Азербайджан – это не второй Персидский залив, где запасы нефти составляют 56% всех мировых запасов, в то время как во всех странах-экспортерах этого энергосырья Каспийского региона (то есть Азербайджана вместе с Казахстаном, Узбекистаном, Туркменистаном) - 3,5%; в Персидском заливе содержится 40% мировых запасов природного газа, в означенных странах только 7%. Иное дело, что нефтегазовые ресурсы Каспийского региона рассматриваются не только как альтернатива российским поставкам углеводородов на мировые рынки, но и как резерв на будущее, которым смогут распорядиться в дальнейшем те, кто закрепиться в этом регионе.
Что касается потенциала Турции, претендующей сегодня на роль главного куратора экономических, энергетических и транзитных процессов на Южном Кавказе, то он несопоставим с возможностями Китая, стимулирующего рост Сингапура и многих государств ЮВА и успешно завоевывающего (экономически) пространство Центральной Азии. Европа, хотя и стремится диверсифицировать энергомаршруты, но все равно, в силу географии, ей выгоднее транспортировать нефть и газ через территорию России, что, собственно, в основном и происходит. Так что от роли своего рода «порубежья» России государствам Южного Кавказа избавиться довольно сложно в первую очередь в силу экономической зависимости, а также взаимозависимости от транзита энергоносителей. Нуждаются государства Южного Кавказа в России и для нейтрализации претензий на региональную гегемонию со стороны Турции или Ирана.
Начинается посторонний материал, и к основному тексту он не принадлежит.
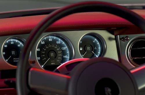Ở hàng ghế trước, ngay trung tâm bảng táp lô là một chiếc đồng hồ kim sang trọng của Rolls-Royce, nhưng khi được gập xuống với một nút bấm, một màn hình cảm ứng 8,8 inch hiển thị sắc nét hiện ra với 8 chức năng được đánh dấu, như hệ thống định vị vệ tinh dẫn đường, kênh truyền hình yêu thích, hay đơn giản là bảng điều khiển kết nối thông minh với điện thoại.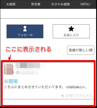 「お題箱を見つける」からは、フォロワーのお題箱しか検索できません。

Другой ограничитель, препятствующий превращению Южного Кавказа в центр мировой политики, связан с проблемами безопасности. Южный Кавказ остается территорией с различными нерешенными конфликтами, что, с одной стороны, рождает соблазн, в том числе и со стороны нерегиональных сил (США и НАТО в первую очередь) поиграть на такой нестабильности, использовать существующие внутригосударственные и межгосударственные противоречия и споры для продвижения собственных стратегических интересов. Но такая неустойчивость обстановки на Южном Кавказе останавливает серьезные компании, традиционно сторонящиеся нестабильных зон, от массированного вложения в экономику региона своих капиталов – в отличие, например, от стран АСЕАН, где достигнут приемлемый уровень стабильности.
Третье – это избранная государствами региона экономическая и политическая стратегия, строящаяся на огромной зависимости от иностранной помощи, что особенно характерно для Грузии.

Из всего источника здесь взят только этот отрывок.